Purpose of Expert Determination
Expert Determination is a form of dispute resolution used when both parties are in agreement that there is a need for an evaluation of a specialized but disputed factual issue. The parties appoint an independent expert in the subject matter of the dispute to resolve the matter. The expert's decision is - by prior agreement of the parties - legally binding on the parties.
The Expert Determiner does not sit in a quasi-judicial capacity and is therefore not bound by the evidence and the submissions made to him: the Expert may undertake his own investigations and come to his own conclusions, irrespective of the evidence and submissions.

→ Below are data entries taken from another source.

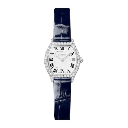 Tortue watch, mini model, high-power quartz movement. 18k white gold (750/1000) case set with 42 brilliant-cut diamonds totaling 0.77 carats. Octagonal crown in 18k white gold (750/1000) adorned with a 0.04-carat brilliant-cut diamond. White dial, rhodium-plated steel sword-shaped hands, sapphire crystal. Glossy navy blue alligator strap, 18k white gold (750/1000) pin buckle. Length: 26.1 mm, width: 20.9 mm, thickness: 6.9 mm. Water-resistant to 3 bar (approximately 30 meters).
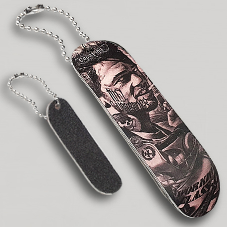 Llavero Skate con diseño exclusivo del tatuaje de Brad Pitt del Artista Carlos Fabra.
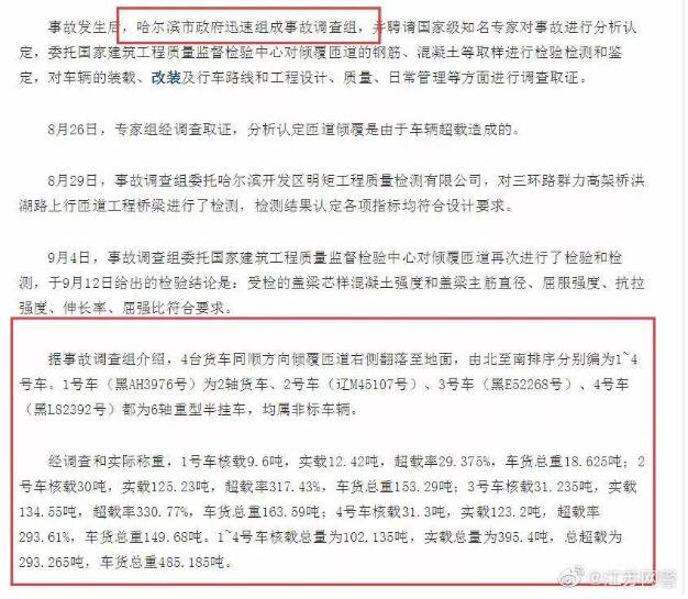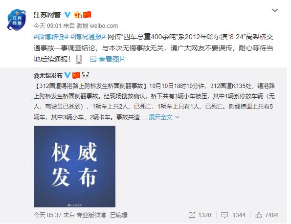 11日9时,江苏网警在官方微博做出辟谣:网传“四车总重400余吨”系2012年哈尔滨“8?24”高架桥交通事故一事调查结论,与本次无锡事故无关。
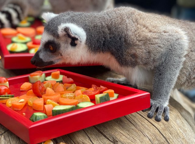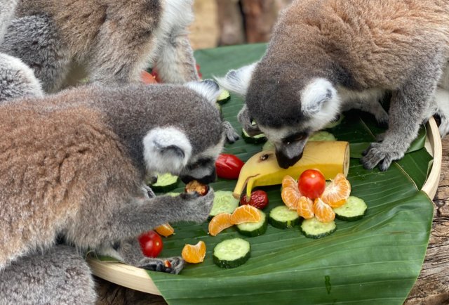 龙年生肖官带着制作好的食物,前往了送餐的第一站,环尾狐猴。把它们最爱吃的香蕉、红枣、苹果、柑橘等制作的手抓饭送到了狐猴乐园,狐猴们围坐一团尽情享受着属于自己的年夜饭。看到动物享受着年夜饭,游客们也看得开心。
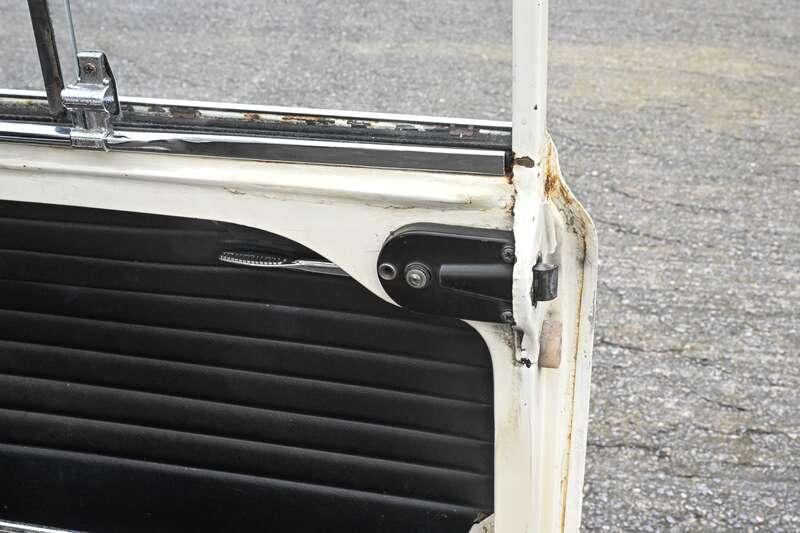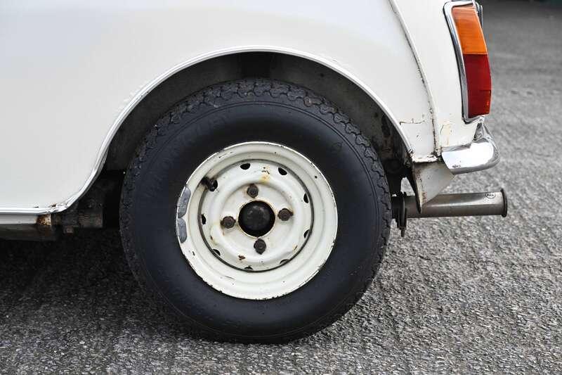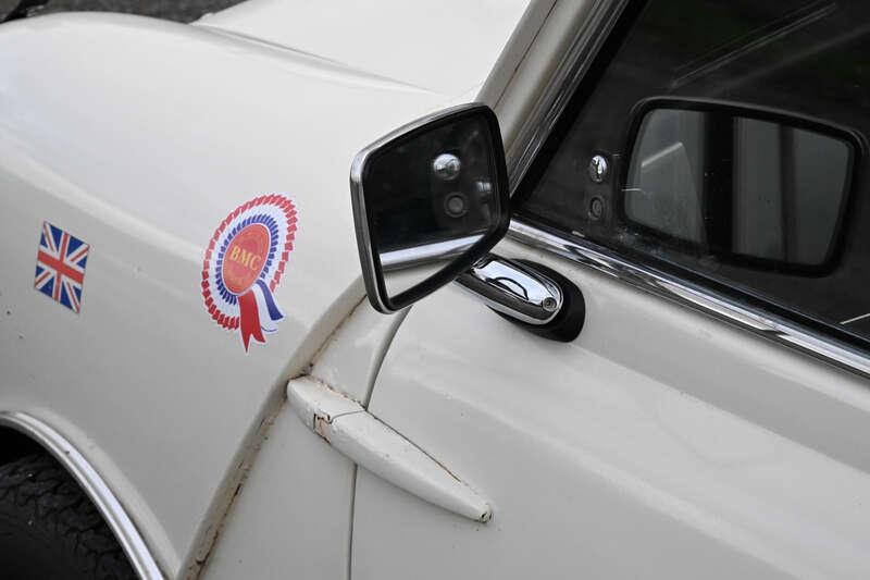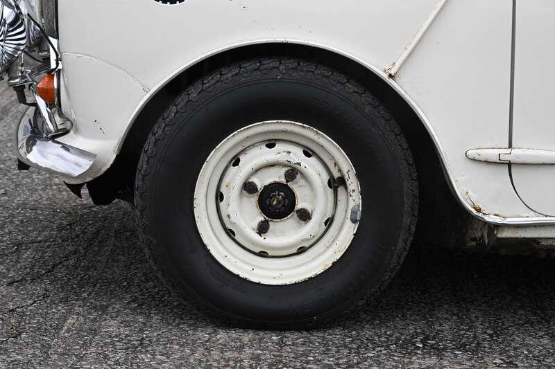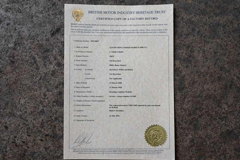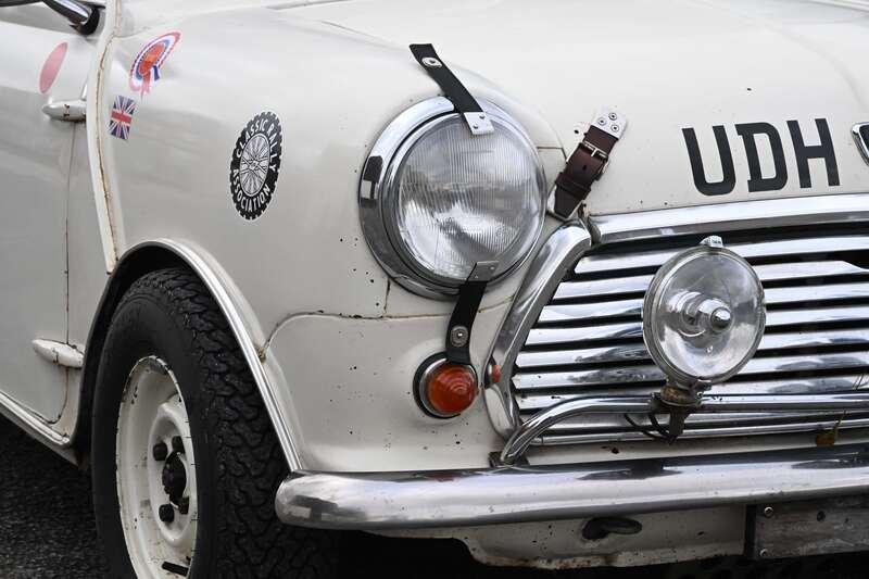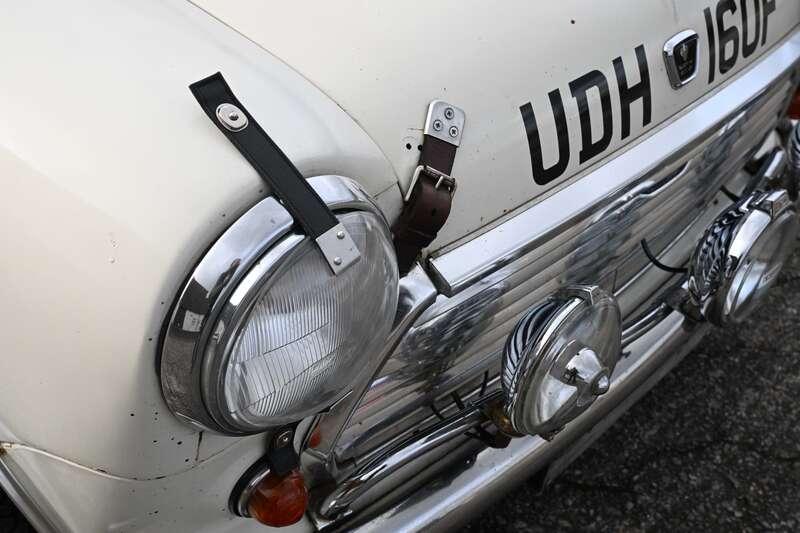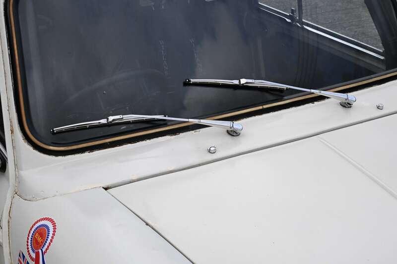 - Finished in its original Snowberry White with a black cap and fitted with standard-size steel Cooper wheels fitted with Blockley tyres, laminated front windscreen, auxiliary spotlights and twin fuel tanks
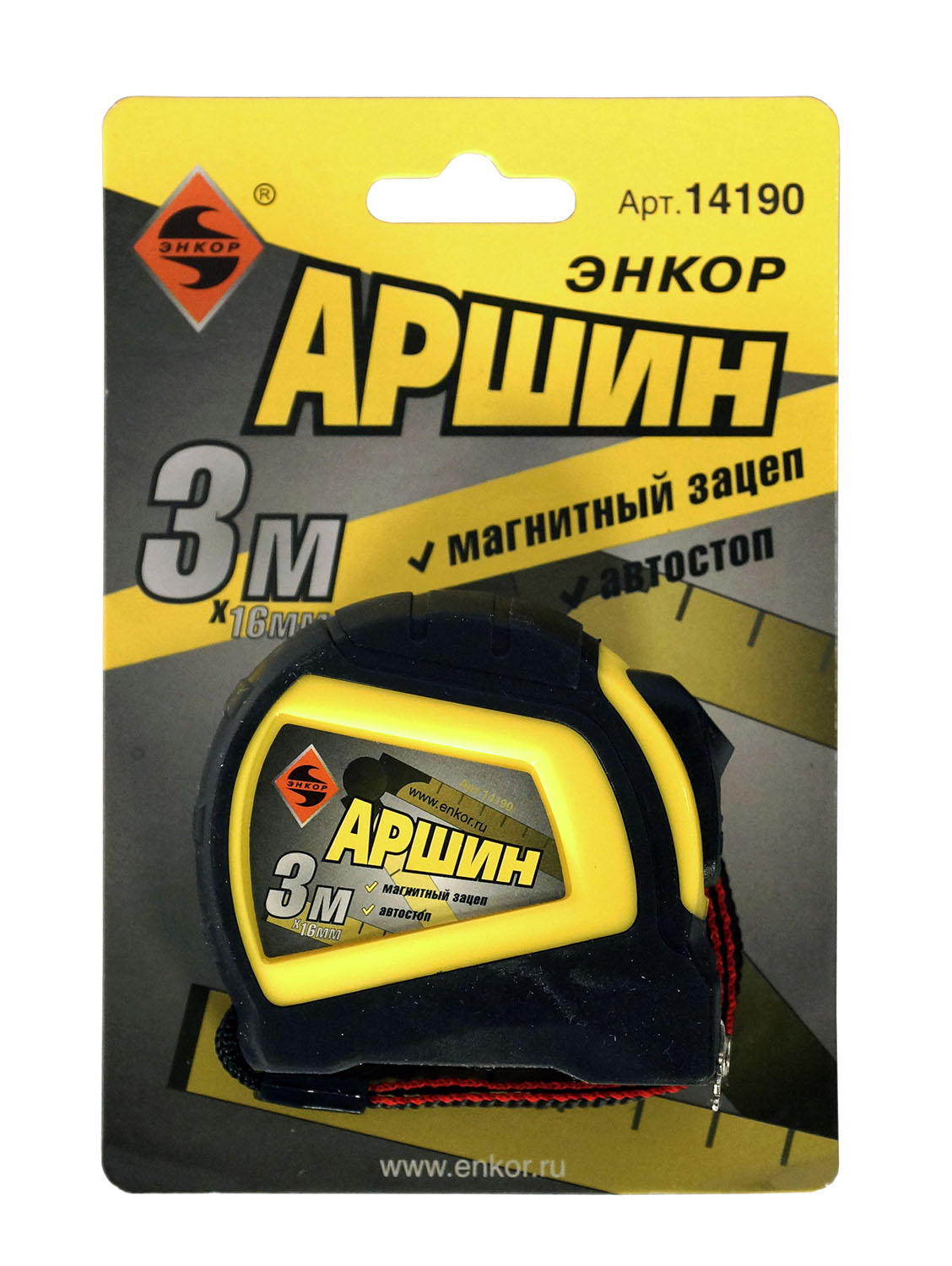 Рулетка Энкор 3 м АРШИН автостоп с магнитным зацепом (14190)
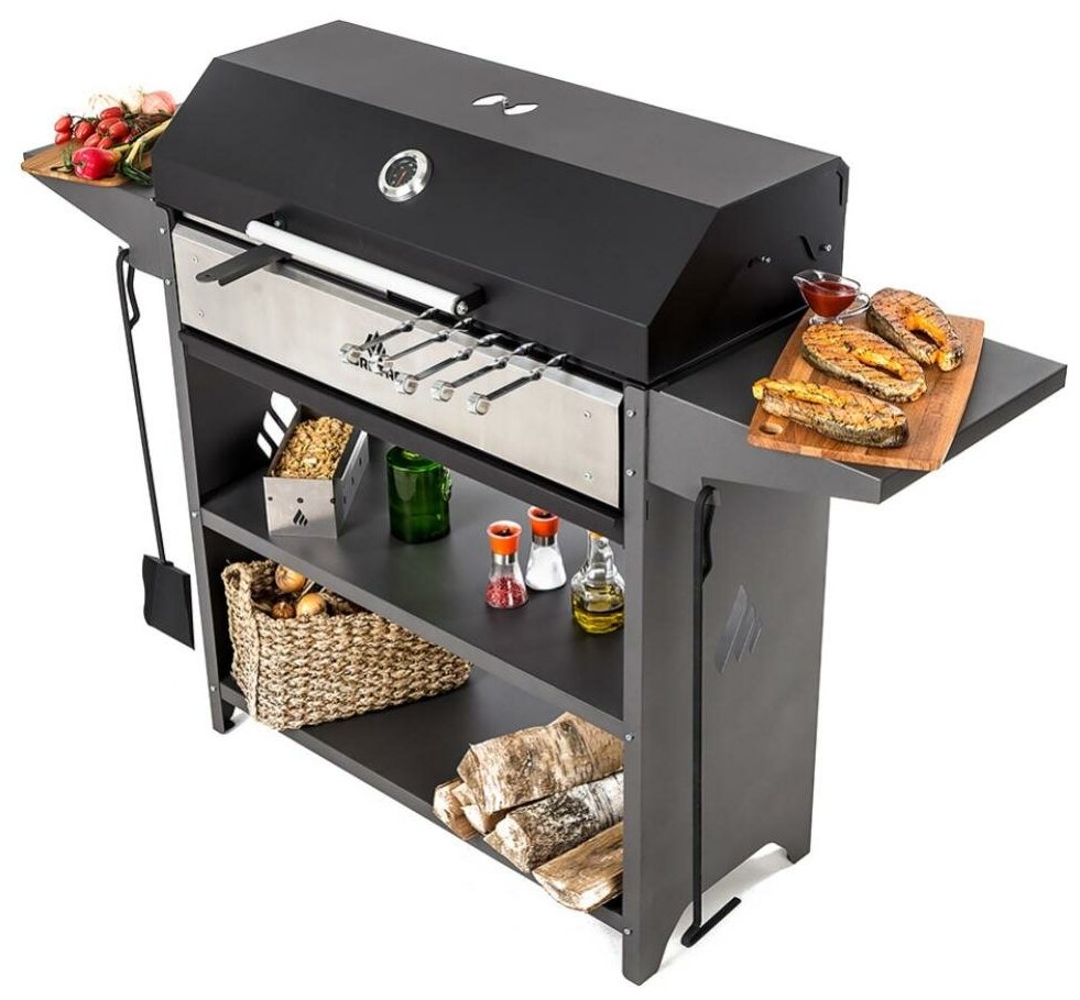 | Плюсы: | Хороший гриль, надежный. Сделан из более-менее нормального металла, не фольга. Места хранения удобные, полочки по бокам помогают. Есть крючки для щипцов, ножей, щеток, решеток и т.д. Удобно чистить гриль. |

The advantages of Expert Determination are that the process is confidential, speedy, cost effective and final.
Expert Determination of a boundary dispute
The principal expertise expected of a surveyor in a boundary dispute is that of interpreting onto the ground the position of a boundary as described in the earliest conveyance (if the land was unregistered at that time) or transfer deed (if the land was registered) affecting the parcel of land i.e. the position of the "paper title boundary".
The description of the boundary in the earliest title deed may have been ambiguous, and it is possible that the parties (or any pair of their respective predecessors in title) may have agreed an exact position for the boundary for the purpose of clarifying the ambiguous description in the earliest title deed of the paper title boundary. It would fall within the Expert's remit to Determine the position of a disputed boundary that was the subject of such an agreement.
It is for the parties to agree whether or not they will permit the Expert to consider whether or not the position of the boundary is affected by questions of adverse possession. An Expert in Boundary Demarcation is well placed to discover and evaluate the evidence for adverse possession but the Courts will usually hold that adverse possession is a legal decision beyond the Expert's area of expertise.
Again, it is for the parties to agree whether or not they will permit the Expert to consider whether or not the position of the disputed boundary has been affected by estoppel, i.e. the actions of one party (or their predecessors in title) that may have caused the other party (or their predecessors in title) to believe that the boundary was in some other position.
Stages of the Expert Determination
1. Obtain Agreement of parties to Expert Determination.
2. Submission to the Expert, by both parties, of documentary evidence.
3. Site meeting for the Expert to:
a. view physical evidence, and
b. make a land survey of the physical features.
4. The Expert will (if he deems it necessary) obtain further evidence :
a. by requisition from one or both parties, and/or
b. by direct acquisition of e.g. historical aerial photographs;
5. The Expert will analyse evidence against land survey and draw a Determined
Boundary Plan, which constitutes the Expert's Decision.
6. The Decision is implemented when:
a. the parties accept and sign the Determined Boundary plan, and
b. Land Registry accepts the Expert's Application to Determine the Exact Line
of the Boundary, following which
c. Jon Maynard Boundaries Ltd will render a final account.
A decision made by an independent expert regarding the matter in dispute that is legally binding on the parties.
The same process can be used to settle a dispute as to the extent and width of a right of way.